WHAT IS EXPECTED
Without the pictures, give the listing below again exactly.

+ + + + + + +

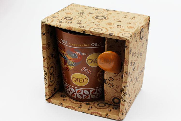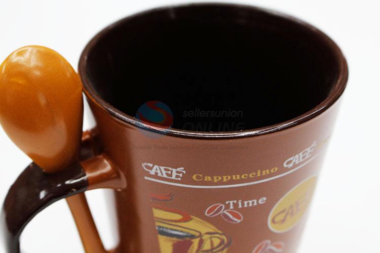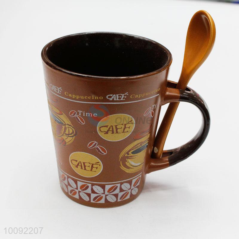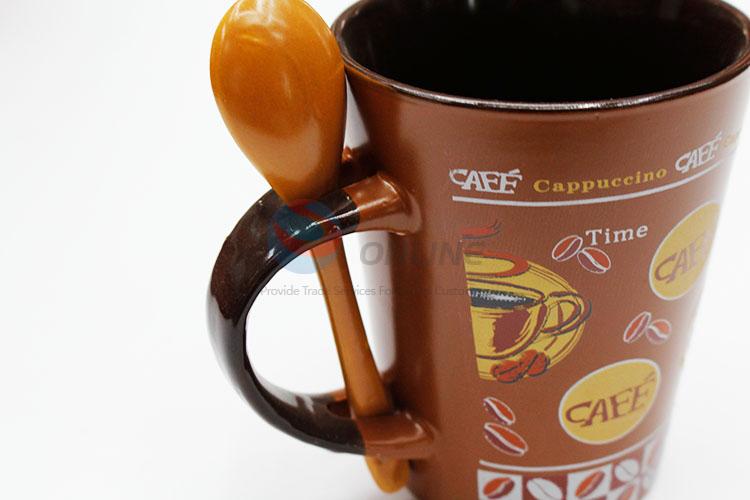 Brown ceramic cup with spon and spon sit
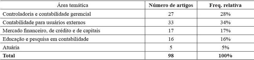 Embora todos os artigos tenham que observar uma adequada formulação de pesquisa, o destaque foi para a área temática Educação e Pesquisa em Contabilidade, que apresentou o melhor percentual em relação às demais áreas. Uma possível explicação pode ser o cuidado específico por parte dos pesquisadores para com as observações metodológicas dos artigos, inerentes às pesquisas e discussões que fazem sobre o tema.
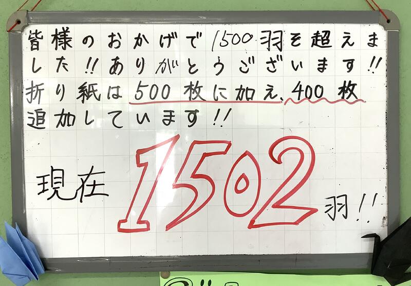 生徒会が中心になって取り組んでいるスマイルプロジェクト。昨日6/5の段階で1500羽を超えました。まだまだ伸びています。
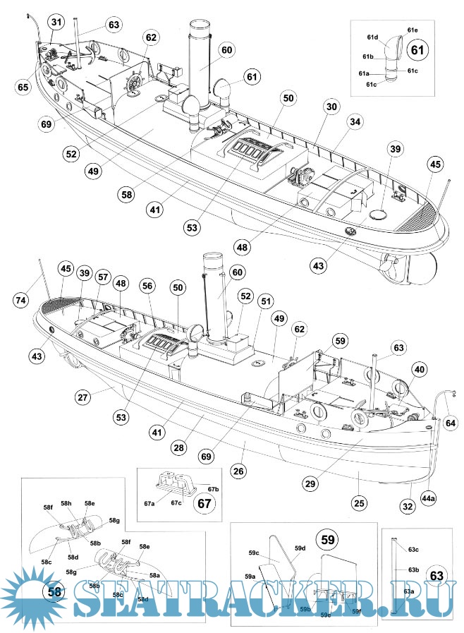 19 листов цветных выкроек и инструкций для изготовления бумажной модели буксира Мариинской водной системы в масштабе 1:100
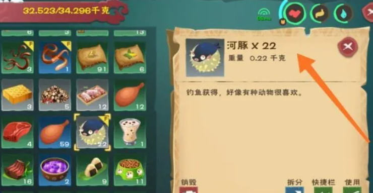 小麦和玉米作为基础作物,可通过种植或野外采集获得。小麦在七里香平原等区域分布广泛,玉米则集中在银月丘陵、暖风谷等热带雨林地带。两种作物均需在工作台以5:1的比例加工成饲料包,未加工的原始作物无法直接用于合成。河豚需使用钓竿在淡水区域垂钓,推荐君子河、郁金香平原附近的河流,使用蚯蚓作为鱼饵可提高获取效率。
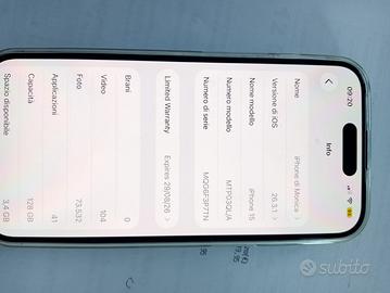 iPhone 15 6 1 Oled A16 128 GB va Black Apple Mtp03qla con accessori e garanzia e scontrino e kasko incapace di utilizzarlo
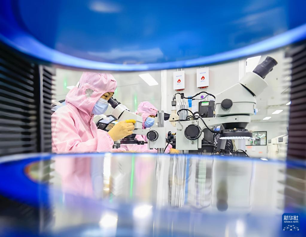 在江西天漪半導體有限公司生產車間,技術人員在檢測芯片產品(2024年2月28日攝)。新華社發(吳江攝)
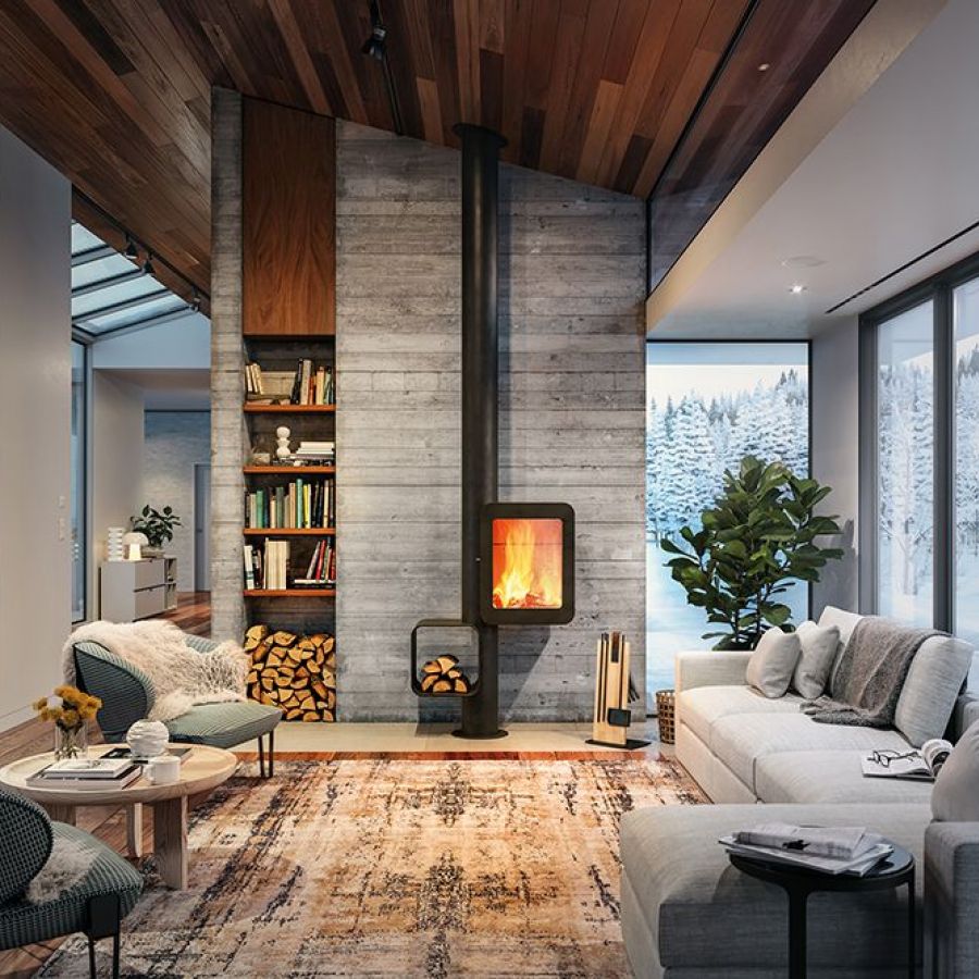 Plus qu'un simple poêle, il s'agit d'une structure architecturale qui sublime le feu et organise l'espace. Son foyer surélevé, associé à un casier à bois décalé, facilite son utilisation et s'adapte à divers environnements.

+ + + + + + +

PROBLEM SOLUTION
 Brown ceramic cup with spon and spon sit
 Embora todos os artigos tenham que observar uma adequada formulação de pesquisa, o destaque foi para a área temática Educação e Pesquisa em Contabilidade, que apresentou o melhor percentual em relação às demais áreas. Uma possível explicação pode ser o cuidado específico por parte dos pesquisadores para com as observações metodológicas dos artigos, inerentes às pesquisas e discussões que fazem sobre o tema.
 生徒会が中心になって取り組んでいるスマイルプロジェクト。昨日6/5の段階で1500羽を超えました。まだまだ伸びています。
 19 листов цветных выкроек и инструкций для изготовления бумажной модели буксира Мариинской водной системы в масштабе 1:100
 小麦和玉米作为基础作物,可通过种植或野外采集获得。小麦在七里香平原等区域分布广泛,玉米则集中在银月丘陵、暖风谷等热带雨林地带。两种作物均需在工作台以5:1的比例加工成饲料包,未加工的原始作物无法直接用于合成。河豚需使用钓竿在淡水区域垂钓,推荐君子河、郁金香平原附近的河流,使用蚯蚓作为鱼饵可提高获取效率。
 iPhone 15 6 1 Oled A16 128 GB va Black Apple Mtp03qla con accessori e garanzia e scontrino e kasko incapace di utilizzarlo
 在江西天漪半導體有限公司生產車間,技術人員在檢測芯片產品(2024年2月28日攝)。新華社發(吳江攝)
 Plus qu'un simple poêle, il s'agit d'une structure architecturale qui sublime le feu et organise l'espace. Son foyer surélevé, associé à un casier à bois décalé, facilite son utilisation et s'adapte à divers environnements.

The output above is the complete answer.